Task instructions: An exact transcription of the entries is required, with no images included.
[Entries provided]
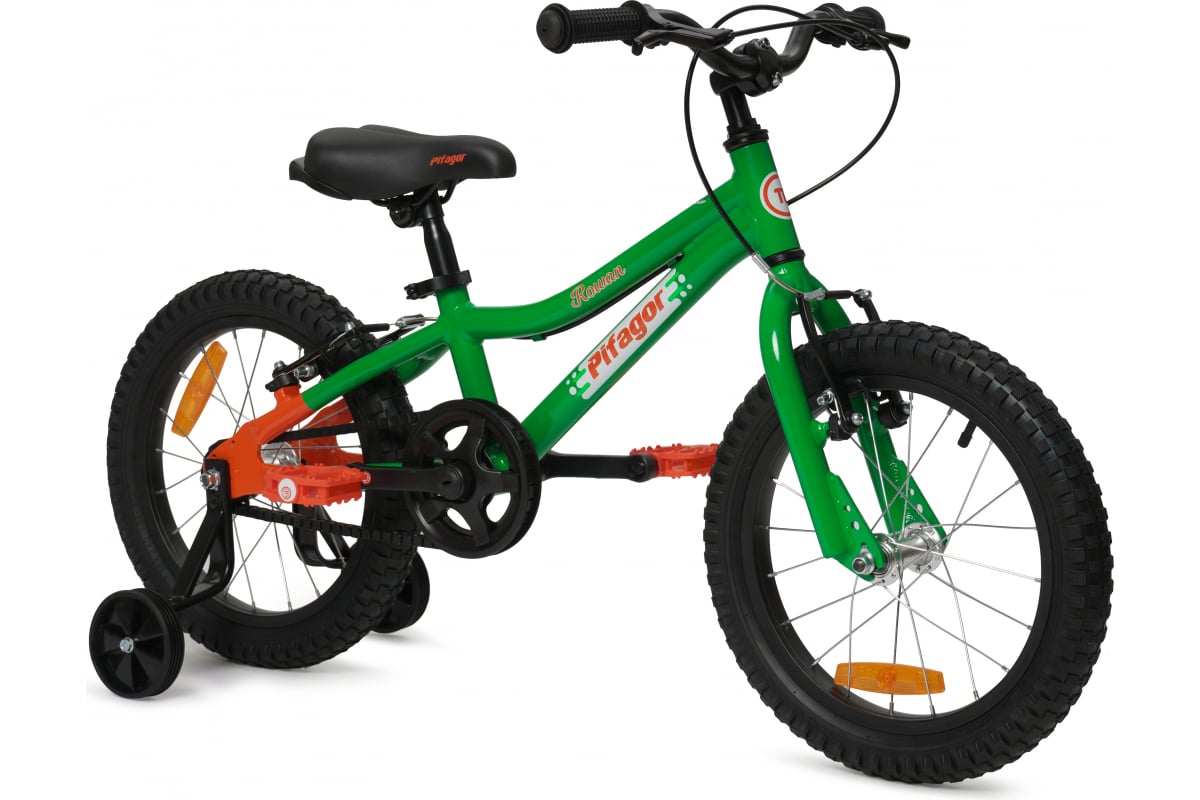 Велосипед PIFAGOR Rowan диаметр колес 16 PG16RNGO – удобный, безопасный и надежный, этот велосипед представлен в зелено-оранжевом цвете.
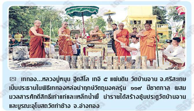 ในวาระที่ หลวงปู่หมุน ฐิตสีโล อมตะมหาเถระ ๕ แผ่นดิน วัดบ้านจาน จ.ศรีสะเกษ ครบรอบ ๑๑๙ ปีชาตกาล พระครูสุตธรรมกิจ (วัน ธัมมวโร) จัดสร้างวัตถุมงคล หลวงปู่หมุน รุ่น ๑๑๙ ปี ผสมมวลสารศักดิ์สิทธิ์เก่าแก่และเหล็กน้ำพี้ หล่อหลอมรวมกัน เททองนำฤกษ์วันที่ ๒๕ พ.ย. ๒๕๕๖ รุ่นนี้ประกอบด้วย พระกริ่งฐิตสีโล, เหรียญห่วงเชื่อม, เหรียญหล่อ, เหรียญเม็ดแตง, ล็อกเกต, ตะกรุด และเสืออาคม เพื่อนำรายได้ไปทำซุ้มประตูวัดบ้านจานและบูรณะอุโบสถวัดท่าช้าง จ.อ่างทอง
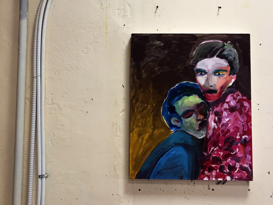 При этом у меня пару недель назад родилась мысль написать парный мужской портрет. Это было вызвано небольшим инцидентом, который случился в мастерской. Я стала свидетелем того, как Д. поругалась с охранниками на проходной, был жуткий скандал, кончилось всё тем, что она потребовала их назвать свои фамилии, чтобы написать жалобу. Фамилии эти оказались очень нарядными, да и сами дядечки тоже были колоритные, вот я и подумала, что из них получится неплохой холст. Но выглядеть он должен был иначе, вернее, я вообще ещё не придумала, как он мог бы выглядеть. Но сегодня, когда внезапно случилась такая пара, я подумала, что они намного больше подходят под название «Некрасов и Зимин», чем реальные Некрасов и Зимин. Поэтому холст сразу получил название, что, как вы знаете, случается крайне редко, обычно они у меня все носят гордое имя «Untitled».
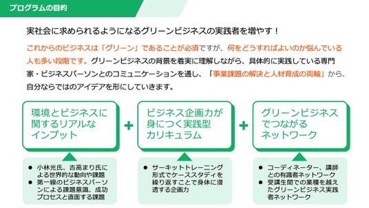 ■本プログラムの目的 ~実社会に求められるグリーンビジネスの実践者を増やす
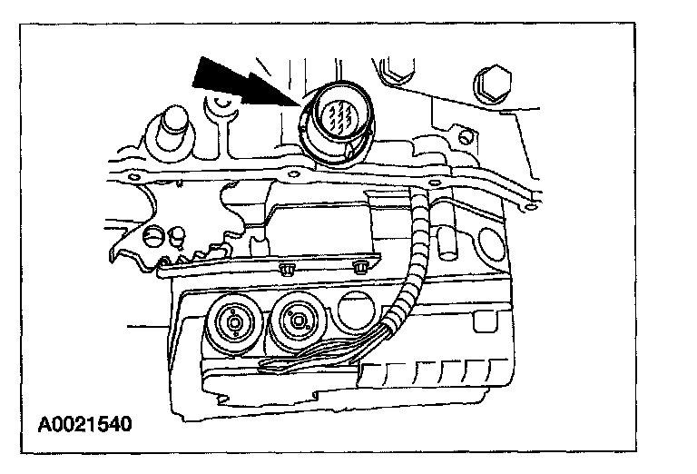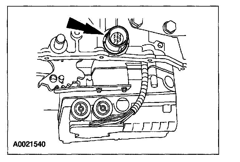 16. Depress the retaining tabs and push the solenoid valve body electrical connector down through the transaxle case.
[/Entries provided]
Finished task:
 Велосипед PIFAGOR Rowan диаметр колес 16 PG16RNGO – удобный, безопасный и надежный, этот велосипед представлен в зелено-оранжевом цвете.
 ในวาระที่ หลวงปู่หมุน ฐิตสีโล อมตะมหาเถระ ๕ แผ่นดิน วัดบ้านจาน จ.ศรีสะเกษ ครบรอบ ๑๑๙ ปีชาตกาล พระครูสุตธรรมกิจ (วัน ธัมมวโร) จัดสร้างวัตถุมงคล หลวงปู่หมุน รุ่น ๑๑๙ ปี ผสมมวลสารศักดิ์สิทธิ์เก่าแก่และเหล็กน้ำพี้ หล่อหลอมรวมกัน เททองนำฤกษ์วันที่ ๒๕ พ.ย. ๒๕๕๖ รุ่นนี้ประกอบด้วย พระกริ่งฐิตสีโล, เหรียญห่วงเชื่อม, เหรียญหล่อ, เหรียญเม็ดแตง, ล็อกเกต, ตะกรุด และเสืออาคม เพื่อนำรายได้ไปทำซุ้มประตูวัดบ้านจานและบูรณะอุโบสถวัดท่าช้าง จ.อ่างทอง
 При этом у меня пару недель назад родилась мысль написать парный мужской портрет. Это было вызвано небольшим инцидентом, который случился в мастерской. Я стала свидетелем того, как Д. поругалась с охранниками на проходной, был жуткий скандал, кончилось всё тем, что она потребовала их назвать свои фамилии, чтобы написать жалобу. Фамилии эти оказались очень нарядными, да и сами дядечки тоже были колоритные, вот я и подумала, что из них получится неплохой холст. Но выглядеть он должен был иначе, вернее, я вообще ещё не придумала, как он мог бы выглядеть. Но сегодня, когда внезапно случилась такая пара, я подумала, что они намного больше подходят под название «Некрасов и Зимин», чем реальные Некрасов и Зимин. Поэтому холст сразу получил название, что, как вы знаете, случается крайне редко, обычно они у меня все носят гордое имя «Untitled».
 ■本プログラムの目的 ~実社会に求められるグリーンビジネスの実践者を増やす
 16. Depress the retaining tabs and push the solenoid valve body electrical connector down through the transaxle case.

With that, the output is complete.